Perawatan wajah memang perlu. Tapi kalau untuk koreksi bentuk wajah, hanya beberapa orang saja yang melakukannya. Biasanya, keinginan untuk mengoreksi wajah itu berkaitan dengan sisi psikologis seseorang.
Hanya perempuan-perempuan yang tidak puas diri dan tidak percaya diri yang ingin mengubah wajahnya. Padahal, meski tidak memiliki wajah yang sempurna, jika dia percaya diri, hal itu bukan masalah. Dan ia tidak perlu repot-repot membentuk wajahnya.
"Cuman kalau orang sudah terobsesi memang susah," katanya.

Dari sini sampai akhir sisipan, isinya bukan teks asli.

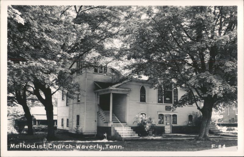 Exterior view of a wooden Methodist church building with arched windows and an external staircase leading to a covered porch. The building is surrounded by large, leafy trees.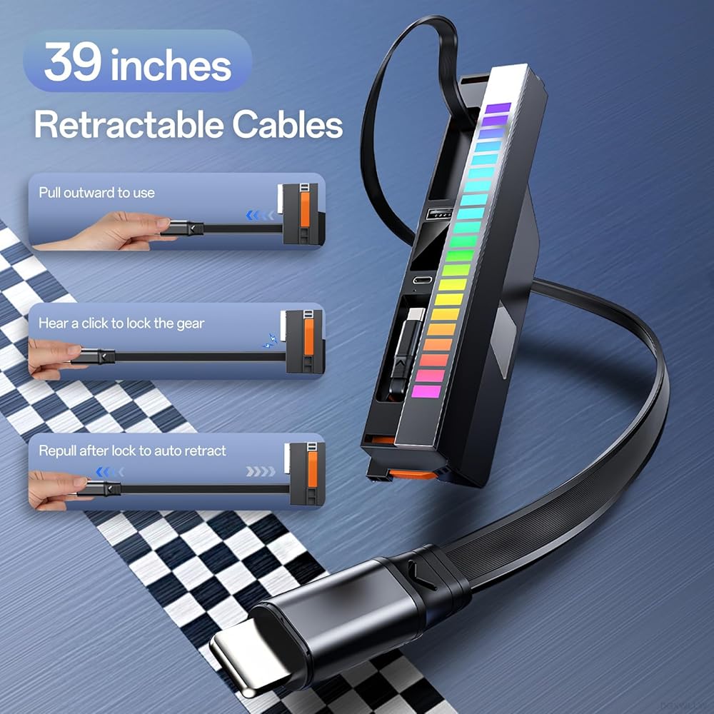 شحن سريع إجمالي 107 واط و4 منافذ: يتميز مركز الشحن هذا بكابل قابل للسحب من النوع C بقدرة 65 واط يدعم 5 فولت/3 أمبير، 9 فولت/2 أمبير، 12 فولت/3 أمبير، 15 فولت/3 أمبير، و20 فولت/3.25 أمبير، بالإضافة إلى كابل قابل للسحب 27 واط لهاتف iPhone الذي يدعم الشحن السريع 5 فولت/3 أمبير و9 فولت/3 أمبير. ويتضمن أيضًا منفذ USB-A بقدرة 12 واط (5 فولت/2.4 أمبير) ومنفذ USB-C بقدرة 15 واط (5 فولت/3 أمبير). تدعم جميع المنافذ الشحن السريع بشكل فردي أو في نفس الوقت، بإجمالي خرج يصل إلى 107 واط. متوافق مع الهواتف الذكية والأجهزة اللوحية وسماعات الأذن والأجهزة الأخرى

Perempuan dapat melakukan hal apa saja untuk mendapatkan wajah cantik seperti yang ia idamkan. Apalagi jika ia memiliki uang. Karena pembentukan atau koreksi wajah memang membutuhkan modal.
Ambil contoh tarif Rp 30 juta per tindakan yang dikenakan ke perempuan muda tadi. Meskipun memang, menurut dr Wilma, tarif itu terlalu mahal untuk satu kali perawatan. Namun, menurut dr Gita Puspita, tarif itu sudah biasa di daerah Jakarta.
"Bahkan ada yang sampai Rp 300 juta. Tapi itu, biasanya, harga paket sih," ujar dr Gita Puspita.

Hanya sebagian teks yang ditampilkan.